My soon-to-be daughter-in-law has stated she doesn't want to invite any of them to the wedding. I'm torn. My heart breaks for her, but the right thing to do is to invite them, I think. She has stated that she doesn't want them there if they aren't supportive, she doesn't want them to attend due to a sense of familial obligation, or to gawk.
But the goal is to give them an opportunity to see love, in all its forms, to see how normal regular people love and accept love, in all its forms. The hope is that by attending this wedding, they might experience a change of heart and see for themselves that two chicks can love each other and two families can support that love.

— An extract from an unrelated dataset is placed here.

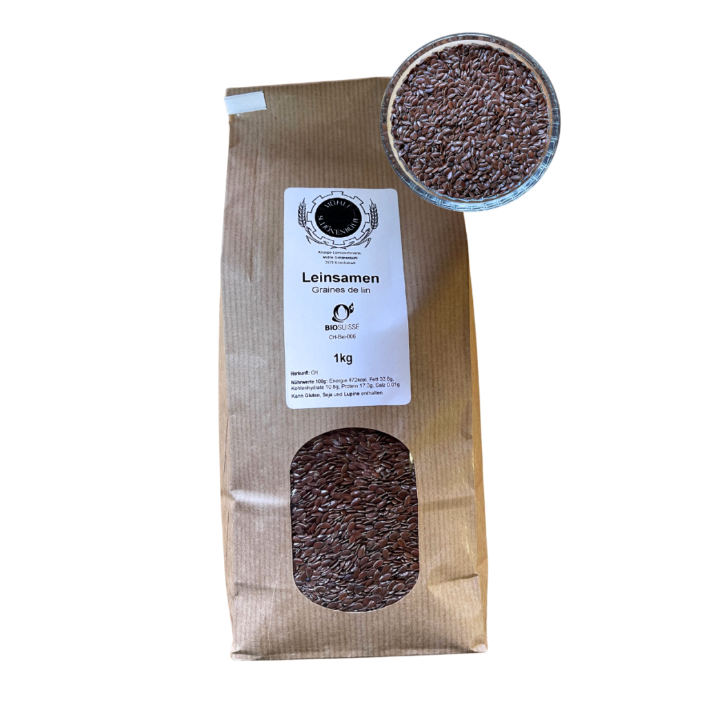 Bio Knospe Leinsamen CH Mühle Schönenbühl vor 8 Jahren Zusammensetzung: Leinsamen CH Nährwerte 100g: Energie 380kcal, Fett 31.5g, Kohlenhydrate 0g, Protein 23.3g, Salz 0.01

I would normally press for my daughter or her girlfriend to do what I think is right. But on this matter, I'm not sure if doing the right thing is right for my daughter-in-law. I don't want her feelings hurt, don't want her to be upset on her wedding day, and no one can do that better than family. Do I let it go or continue to advocate for inclusion?
The second problem and more pressing is the engagement party. I think if we were to invite her whole family to an engagement party, it might break the ice, let the cat out of the bag, and if they attend, they will begin to see how wonderful these two young women are together. They will see how this lesbian love looks in real life and how real life families accept, include, and love on. They all live about 3 hours away so attending an engagement party would be quite telling, if they attended.
Please help!
AKudos to you for being such a great and loving mom! If your future daughter-in-law (DIL) asked for my advice, my answer would be slightly different than my answer will be to you.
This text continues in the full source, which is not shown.